S’il ne cache guère ses attaches avec Vladimir Poutine, qu’il a accueilli le 2 février à Budapest, le leader danubien controversé s’inspire essentiellement d’un précédent anti-ONG israélien, ratifié en juillet dernier par la Knesset. Car au-delà de partager avec Benjamin Netanyahou les conseils du consultant Arthur J. Finkelstein, autrefois au service de Richard Nixon, Orbán voudrait faire superviser la totalité des investissements étrangers, tandis que Tel-Aviv quadrille la moitié des apports. De quoi, comme dans le dossier des migrants, attiser les «sentiments» et la «fureur», érigés en moteurs de l’action politique par Finkelstein.
On serait tenté d’ajouter la «souveraineté», autant dans le cas hongrois que d’autres pays plus ou moins démocratiques ayant les ONG en ligne de mire. C’est au nom de cette notion que l’Éthiopie n’autorise que 10% de fonds étrangers maximum, ou que la Chine impose au moins 50% de locaux dans les bureaux et choisit arbitrairement la banque recevant les virements, comme c'est aussi le cas en Ouzbékistan. La Hongrie n’a pas encore atteint ce niveau draconien de surveillance mais sait qu’elle peut avancer d’un cran sans redouter les foudres de Washington, vue la proximité idéologique entre Donald Trump et Viktor Orbán.
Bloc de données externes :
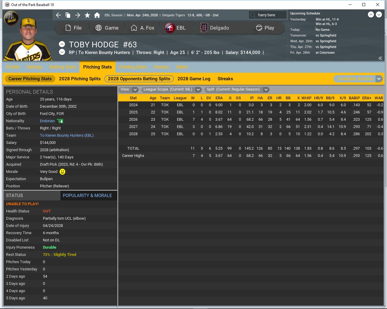 To Kieren will miss RP Toby Hodge for the rest of the season. Las Vegas loses RF Oscar Tavares for the rest of the season. White Sox will miss 3B Arturo Guzman for 3-4 weeks & lose Cf Alejandro Mendez for 4 weeks.

«Les ONG ne diront jamais qu’Orbán doit partir»
Le locataire de la Maison-Blanche fraîchement installé ne bougera certainement pas le petit doigt pour Soros le Démocrate convaincu, qui a dépensé un milliard de dollars dans la campagne d’Hillary Clinton et qui aurait été, selon ses partisans, l’ordonnateur suprême des immenses manifestations anti-Trump de Washington, Chicago, New York, Los Angeles et Indianapolis en marge de l’Inauguration Day. Pourtant, Soros avait prêté 160 millions de billets verts au magnat de l’immobilier, qui souhaitait construire un grand hôtel en 2004 dans la capitale de l’Illinois. Encore une amitié qui tourne au vinaigre.
«Le gouvernement hongrois a déniché une thématique où ses opposants n’ont pas de quoi riposter politiquement. Les ONG ne s’alignent pas aux élections et n’aiment pas l’opposition actuelle, donc le débat est pipé. Elles ne diront jamais qu’Orbán doit partir et se cantonnent à dénoncer l’injustice des attaques subies. La Fidesz est avantagée dans cette confrontation à sens unique car la majorité de ses électeurs se méfie des financements étrangers. Et pendant ce temps-là, les échecs criants dans l’éducation et la santé passent à la trappe», détaille le politologue Csaba Tóth, de l’institut Republikon.
Le fait que le gouvernement ait par ailleurs élaboré un programme de lutte contre la corruption omettant le financement des partis et la protection des lanceurs d’alerte alimente d’autant plus le soupçon quant à ses intentions. Outre TASZ et le Comité Helsinki, la nouvelle provocation de Budapest fait planer l’incertitude sur l’avenir du Mediapart local Átlátszó.hu, de l’Université d’Europe Centrale, du think-tank Political Capital ou de l’association féministe Patent, soit le coeur des intérêts sorosiens en Hongrie. Le hard power orbániste tolère modérément le «soft».